> TASK ITEM
The expected output is exactly the lines below, starting at the line with "Conch fritters - good" and ending at the line with "This ring is", both included; no other line belongs in it.

> SUPPLIED MATERIAL

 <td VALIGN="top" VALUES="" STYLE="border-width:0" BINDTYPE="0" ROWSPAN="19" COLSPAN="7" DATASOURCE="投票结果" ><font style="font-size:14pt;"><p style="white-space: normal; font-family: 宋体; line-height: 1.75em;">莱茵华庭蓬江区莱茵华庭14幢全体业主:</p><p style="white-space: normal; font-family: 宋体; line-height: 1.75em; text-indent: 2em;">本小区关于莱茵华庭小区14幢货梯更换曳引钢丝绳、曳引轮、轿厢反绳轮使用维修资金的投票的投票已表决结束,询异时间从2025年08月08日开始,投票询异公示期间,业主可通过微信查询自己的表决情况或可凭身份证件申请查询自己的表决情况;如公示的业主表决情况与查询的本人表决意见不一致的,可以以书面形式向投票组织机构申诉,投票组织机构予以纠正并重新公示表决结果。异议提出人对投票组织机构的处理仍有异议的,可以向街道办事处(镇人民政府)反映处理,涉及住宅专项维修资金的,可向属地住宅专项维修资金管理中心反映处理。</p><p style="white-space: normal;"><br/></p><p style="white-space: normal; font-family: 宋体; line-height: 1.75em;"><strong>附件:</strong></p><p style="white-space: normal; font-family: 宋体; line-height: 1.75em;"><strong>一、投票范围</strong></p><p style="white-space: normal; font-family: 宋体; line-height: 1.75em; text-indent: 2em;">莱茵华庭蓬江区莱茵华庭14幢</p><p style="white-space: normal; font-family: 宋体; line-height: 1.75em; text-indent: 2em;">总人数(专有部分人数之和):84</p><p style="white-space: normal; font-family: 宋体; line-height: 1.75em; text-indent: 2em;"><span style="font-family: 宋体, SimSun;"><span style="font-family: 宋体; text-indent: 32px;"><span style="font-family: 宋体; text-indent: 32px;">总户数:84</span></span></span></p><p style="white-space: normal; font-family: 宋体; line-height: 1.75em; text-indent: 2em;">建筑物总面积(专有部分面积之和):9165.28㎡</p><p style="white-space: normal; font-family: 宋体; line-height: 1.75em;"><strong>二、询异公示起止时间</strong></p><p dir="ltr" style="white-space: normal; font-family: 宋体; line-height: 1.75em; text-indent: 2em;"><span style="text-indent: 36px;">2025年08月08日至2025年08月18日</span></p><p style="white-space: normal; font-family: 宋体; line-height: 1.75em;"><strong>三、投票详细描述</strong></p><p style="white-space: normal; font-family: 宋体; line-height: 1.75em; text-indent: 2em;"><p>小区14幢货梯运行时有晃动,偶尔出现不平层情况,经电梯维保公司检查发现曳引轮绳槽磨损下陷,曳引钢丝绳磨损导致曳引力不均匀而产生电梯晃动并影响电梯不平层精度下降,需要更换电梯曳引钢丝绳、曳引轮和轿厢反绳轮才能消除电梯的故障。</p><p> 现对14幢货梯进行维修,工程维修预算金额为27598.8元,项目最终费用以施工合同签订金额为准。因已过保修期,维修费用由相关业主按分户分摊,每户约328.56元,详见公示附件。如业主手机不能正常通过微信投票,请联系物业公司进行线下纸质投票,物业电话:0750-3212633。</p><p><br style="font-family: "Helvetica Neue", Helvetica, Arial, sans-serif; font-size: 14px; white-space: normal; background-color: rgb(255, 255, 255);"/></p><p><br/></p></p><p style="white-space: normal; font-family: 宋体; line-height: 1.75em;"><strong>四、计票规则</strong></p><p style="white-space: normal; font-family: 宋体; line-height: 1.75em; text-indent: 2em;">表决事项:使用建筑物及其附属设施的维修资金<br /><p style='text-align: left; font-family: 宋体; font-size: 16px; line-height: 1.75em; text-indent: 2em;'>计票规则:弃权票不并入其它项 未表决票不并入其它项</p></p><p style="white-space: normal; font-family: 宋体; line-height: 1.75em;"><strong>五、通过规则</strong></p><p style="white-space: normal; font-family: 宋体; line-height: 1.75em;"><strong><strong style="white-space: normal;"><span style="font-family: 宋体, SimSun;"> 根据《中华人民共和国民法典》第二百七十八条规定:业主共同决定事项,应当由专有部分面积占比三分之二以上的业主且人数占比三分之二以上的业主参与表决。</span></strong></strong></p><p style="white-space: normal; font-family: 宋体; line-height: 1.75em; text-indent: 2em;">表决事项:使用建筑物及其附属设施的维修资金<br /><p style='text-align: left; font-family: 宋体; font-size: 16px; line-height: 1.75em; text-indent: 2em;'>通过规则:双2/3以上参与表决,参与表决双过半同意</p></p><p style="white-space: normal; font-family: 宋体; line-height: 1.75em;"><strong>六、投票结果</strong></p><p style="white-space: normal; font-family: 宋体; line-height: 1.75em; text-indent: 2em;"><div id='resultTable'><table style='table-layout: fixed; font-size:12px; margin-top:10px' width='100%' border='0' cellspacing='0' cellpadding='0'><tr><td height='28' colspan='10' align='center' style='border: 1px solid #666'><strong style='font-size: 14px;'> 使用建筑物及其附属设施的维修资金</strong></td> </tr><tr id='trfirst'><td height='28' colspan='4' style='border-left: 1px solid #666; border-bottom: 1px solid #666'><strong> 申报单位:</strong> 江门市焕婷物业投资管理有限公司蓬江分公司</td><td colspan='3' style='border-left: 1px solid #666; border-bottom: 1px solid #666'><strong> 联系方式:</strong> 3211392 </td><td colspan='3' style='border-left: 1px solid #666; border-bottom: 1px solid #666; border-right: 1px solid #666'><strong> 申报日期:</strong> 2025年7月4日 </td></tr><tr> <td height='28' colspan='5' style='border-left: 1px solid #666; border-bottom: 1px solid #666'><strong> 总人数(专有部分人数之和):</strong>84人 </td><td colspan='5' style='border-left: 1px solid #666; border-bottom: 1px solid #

--

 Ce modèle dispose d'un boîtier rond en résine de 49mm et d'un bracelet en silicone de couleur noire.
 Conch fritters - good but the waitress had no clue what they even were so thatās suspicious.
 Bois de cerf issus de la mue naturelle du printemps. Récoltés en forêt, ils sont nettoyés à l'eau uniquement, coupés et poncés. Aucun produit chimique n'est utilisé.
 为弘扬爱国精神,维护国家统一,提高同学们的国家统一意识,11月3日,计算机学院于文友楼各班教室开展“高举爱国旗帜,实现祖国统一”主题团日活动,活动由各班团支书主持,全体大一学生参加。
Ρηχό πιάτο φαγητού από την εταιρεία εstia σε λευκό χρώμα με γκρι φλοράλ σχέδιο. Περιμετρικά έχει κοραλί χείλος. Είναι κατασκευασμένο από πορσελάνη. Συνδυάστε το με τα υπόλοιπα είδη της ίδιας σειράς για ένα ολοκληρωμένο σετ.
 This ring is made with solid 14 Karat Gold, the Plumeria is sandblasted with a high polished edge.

> EXERCISE RESULT
 Conch fritters - good but the waitress had no clue what they even were so thatās suspicious.
 Bois de cerf issus de la mue naturelle du printemps. Récoltés en forêt, ils sont nettoyés à l'eau uniquement, coupés et poncés. Aucun produit chimique n'est utilisé.
 为弘扬爱国精神,维护国家统一,提高同学们的国家统一意识,11月3日,计算机学院于文友楼各班教室开展“高举爱国旗帜,实现祖国统一”主题团日活动,活动由各班团支书主持,全体大一学生参加。
Ρηχό πιάτο φαγητού από την εταιρεία εstia σε λευκό χρώμα με γκρι φλοράλ σχέδιο. Περιμετρικά έχει κοραλί χείλος. Είναι κατασκευασμένο από πορσελάνη. Συνδυάστε το με τα υπόλοιπα είδη της ίδιας σειράς για ένα ολοκληρωμένο σετ.
 This ring is made with solid 14 Karat Gold, the Plumeria is sandblasted with a high polished edge.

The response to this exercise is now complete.